Taking a deep breath, Paulette shook her head. “I’m fine. You simply startled me. What are you doing here?”
“I just stopped by Devon House to say good morning but no one was there. Granger told me that Lucien was out for the day, Yvette was at the dressmaker, and that you and Colette were at the shop. So of course I came here to see you both.”
“Actually Colette went to the dressmaker with Yvette first. She’ll be along later.” Carefully, she slipped the note under the accounts ledger. She would look at it again more closely later.
“You’re here alone?” he asked with a frown. “I never like it when you girls are alone in the shop. I don’t know how Lucien allows it.”
“Oh, Jeffrey, please,” she said in exasperation. Paulette had had this conversation with Lucien too many times to count and had finally worn him down. She felt no need to go into it yet again with Lord Eddington.
“Well then. I guess you’re left with me.” He flashed her a grin. “It’s just as well. I wanted to
talk to you about yesterday.”
“Oh?” she asked, trying to sound casual, but her stomach tightened in a knot at his words. Paulette had wanted to talk to Jeffrey about Declan Reeves, but now that the moment was at hand she felt inexplicably nervous.
Jeffrey eyed her with careful consideration. “What is the story with you and Cashelmore?”
“Story?”
“Yes, Paulette. The story. Can you explain to me why you were with him yesterday?”
“We’re friends?” Her voice actually squeaked.
He tilted his head. “Are you asking me or telling me?”
“Telling you.” She nodded her head vociferously. “Yes, I’m telling you. Lord Cashelmore and I are merely friends.”
His eyes narrowed in skepticism. “Do you know anything about this man?”
Paulette shook her head as her heart sank. She knew exactly what he was thinking. “It’s not true, Jeffrey.”

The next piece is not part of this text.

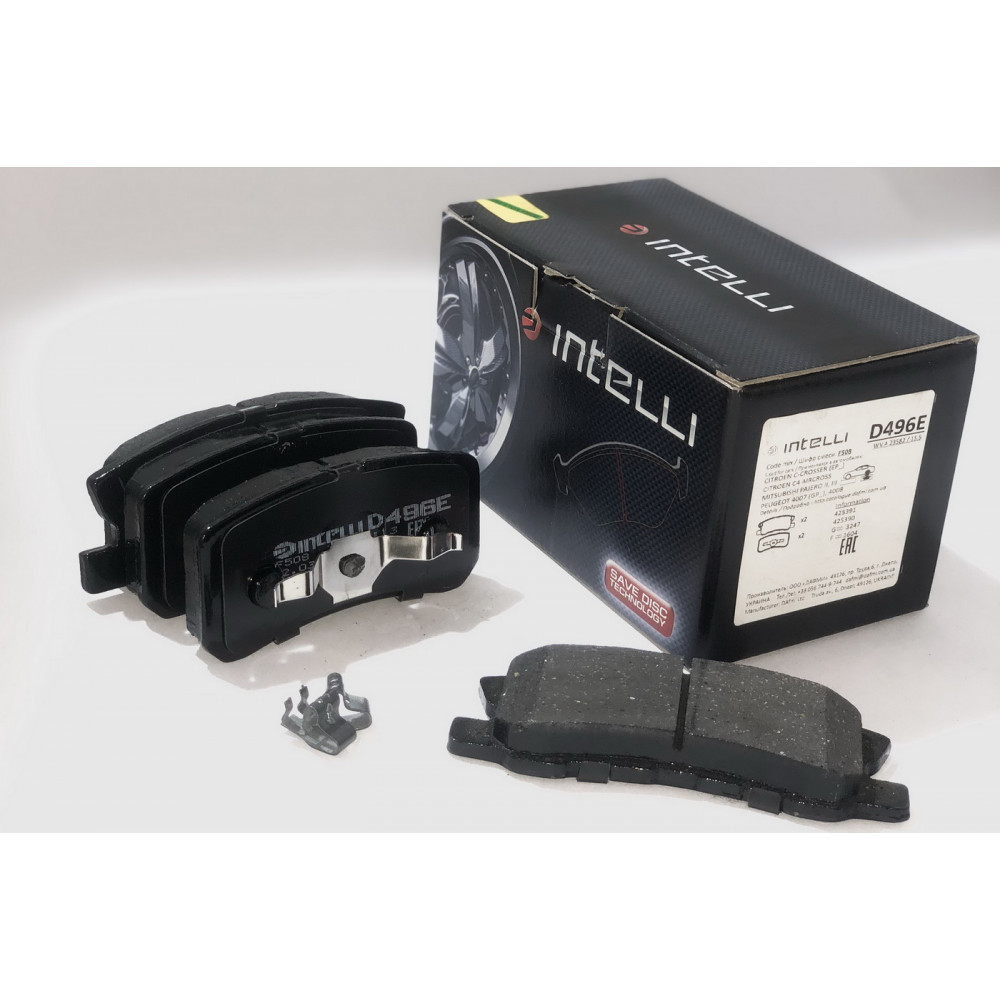 Колодки тормозные MITSU Pajero III 00-06, Pajero IV 07-…, Grandis 04-…, Outlander II 06-12, ASX 10-… // PEUG 4007 10-…, 4008 12-… // CIT C-Crosser 07-…, C4-Aircross 12-… D496E (GDB3247) (пр-во Intelli)

“So you do know about him then.” He released a heavy sigh. “I had hoped that you were unaware of his background, which would explain your association with him. But now I see that is not the case.” He paused. “I’m surprised that you haven’t more sense, Paulette.”

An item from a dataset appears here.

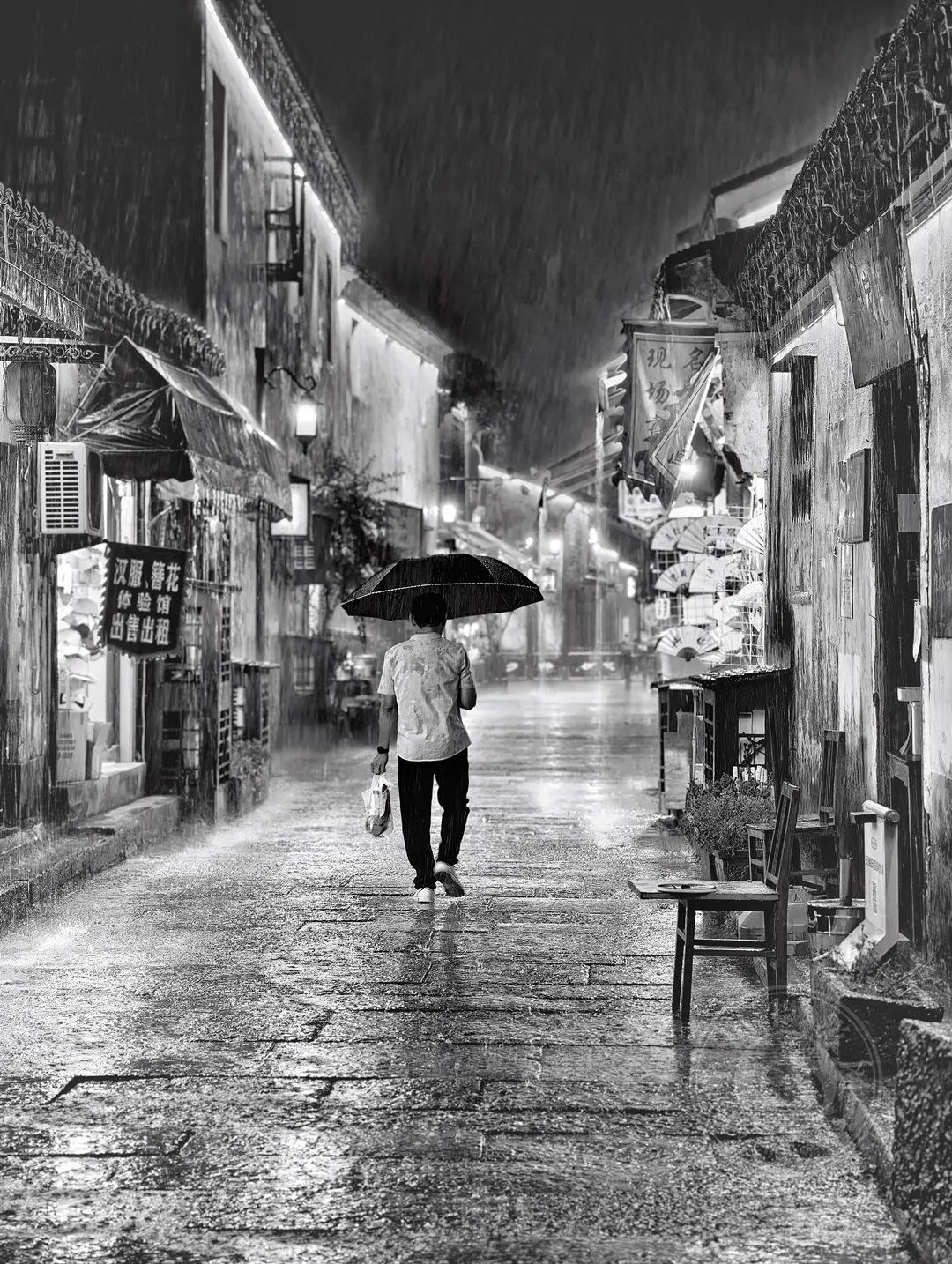 2023年9月12日,在湖州衣服街历史街区拍摄,雨天的倒影非常有趣。

“Jeffrey, Lord Cashelmore didn’t have anything to do with his wife’s death.”
He gave her a meaningful look. “And just how do you know this?”

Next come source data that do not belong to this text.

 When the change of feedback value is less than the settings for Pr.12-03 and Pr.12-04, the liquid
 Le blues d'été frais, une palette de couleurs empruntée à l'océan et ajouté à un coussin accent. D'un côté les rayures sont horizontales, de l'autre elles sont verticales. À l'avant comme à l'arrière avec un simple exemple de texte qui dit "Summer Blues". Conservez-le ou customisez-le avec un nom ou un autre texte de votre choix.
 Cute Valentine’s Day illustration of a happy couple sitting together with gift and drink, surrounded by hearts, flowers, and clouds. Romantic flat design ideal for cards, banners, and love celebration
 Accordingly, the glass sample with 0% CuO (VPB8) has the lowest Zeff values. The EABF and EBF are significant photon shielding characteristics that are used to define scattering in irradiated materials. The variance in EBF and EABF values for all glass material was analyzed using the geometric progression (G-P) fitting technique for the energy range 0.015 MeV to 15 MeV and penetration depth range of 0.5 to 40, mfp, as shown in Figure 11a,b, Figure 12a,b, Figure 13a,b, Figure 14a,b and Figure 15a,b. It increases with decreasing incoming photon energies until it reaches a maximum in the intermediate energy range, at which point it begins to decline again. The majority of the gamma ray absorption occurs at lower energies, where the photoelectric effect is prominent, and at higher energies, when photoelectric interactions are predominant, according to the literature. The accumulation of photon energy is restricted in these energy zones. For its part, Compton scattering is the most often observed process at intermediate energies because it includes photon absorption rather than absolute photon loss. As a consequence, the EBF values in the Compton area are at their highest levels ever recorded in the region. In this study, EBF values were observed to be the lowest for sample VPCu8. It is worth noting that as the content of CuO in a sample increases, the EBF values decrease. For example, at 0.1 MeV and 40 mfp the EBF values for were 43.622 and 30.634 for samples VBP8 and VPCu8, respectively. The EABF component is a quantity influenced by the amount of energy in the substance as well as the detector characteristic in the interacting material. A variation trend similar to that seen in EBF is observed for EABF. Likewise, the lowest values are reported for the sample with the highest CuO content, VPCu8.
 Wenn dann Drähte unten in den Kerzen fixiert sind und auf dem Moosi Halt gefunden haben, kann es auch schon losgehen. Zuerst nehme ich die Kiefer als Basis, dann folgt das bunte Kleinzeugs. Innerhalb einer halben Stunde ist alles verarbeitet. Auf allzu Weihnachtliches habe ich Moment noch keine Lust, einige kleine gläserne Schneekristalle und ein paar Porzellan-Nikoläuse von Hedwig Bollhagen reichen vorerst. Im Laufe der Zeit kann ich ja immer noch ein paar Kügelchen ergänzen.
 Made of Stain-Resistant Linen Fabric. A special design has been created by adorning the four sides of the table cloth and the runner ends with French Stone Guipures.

“Because I asked him and he told me.”
“As if he would go around admitting he committed murder to anyone who asked?” He raised a dark brow in question.
Paulette paused at his insinuation. Jeffrey made a good point. She supposed if anyone asked Declan Reeves outright if he killed his wife, he would have to say no. It only made sense. One didn’t go around telling everyone that he had murdered his wife. Still, deep down she just didn’t believe it, couldn’t believe it, of Declan. No man could kiss her so passionately and then have the resolve to stop, as he had at his house yesterday afternoon, or be so loving and gentle with his daughter and be the type responsible for another’s death. Declan had showed restraint. She didn’t think a murderer would be able act so responsibly with his passions.